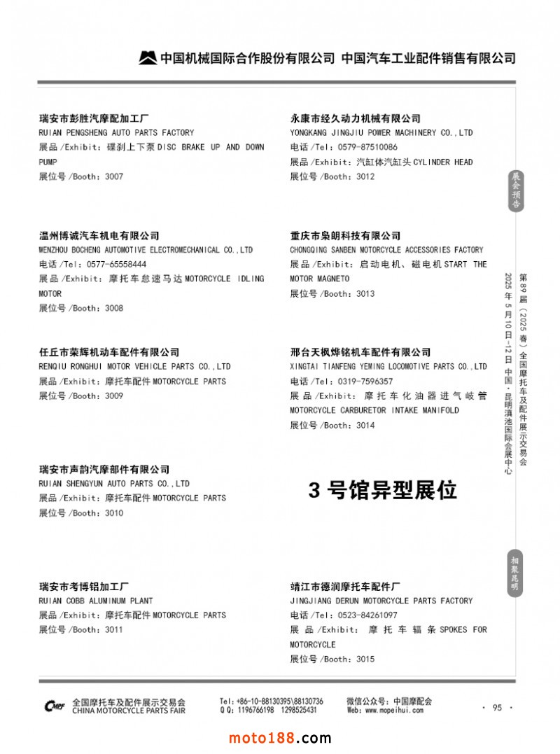 內69-188 第88屆(2024秋)全國摩托車及配件展示交易會-廣州站參展企業信息
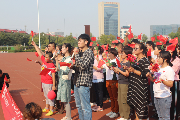 9月30日下午,全體員工齊聚唐山市體育中心操場,伴隨著歡快的音樂,穎總走到了主席臺前,深情地表達了對祖國的祝福,并宣布了活動開始。
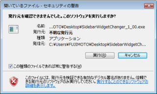 また、スタートボタン→「すべてのプログラム」→「Sidebar Widget Changer」→「Sidebar Widget Changer」の順にメニューを操作すれば、起動することができます。
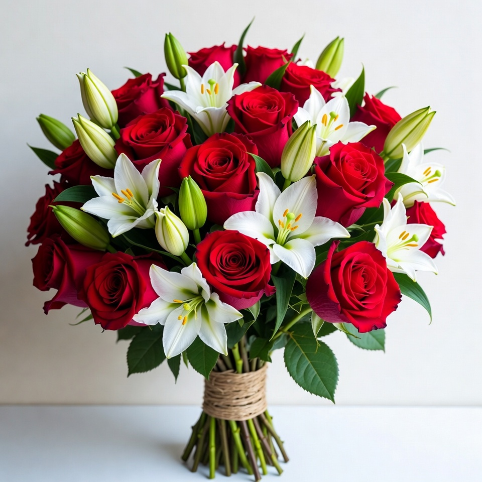 A beautiful bouquet features vibrant red roses and elegant white lilies tied with twine. The stems are wrapped in brown string and placed against a plain white background. Green leaves and buds add contrast to the floral arrangement.

::::

▸ TASK STATEMENT
Give the listing above again in its entirety, exactly as written and free of images.

▸ SOLUTION
 內69-188 第88屆(2024秋)全國摩托車及配件展示交易會-廣州站參展企業信息
 9月30日下午,全體員工齊聚唐山市體育中心操場,伴隨著歡快的音樂,穎總走到了主席臺前,深情地表達了對祖國的祝福,并宣布了活動開始。
 また、スタートボタン→「すべてのプログラム」→「Sidebar Widget Changer」→「Sidebar Widget Changer」の順にメニューを操作すれば、起動することができます。
 A beautiful bouquet features vibrant red roses and elegant white lilies tied with twine. The stems are wrapped in brown string and placed against a plain white background. Green leaves and buds add contrast to the floral arrangement.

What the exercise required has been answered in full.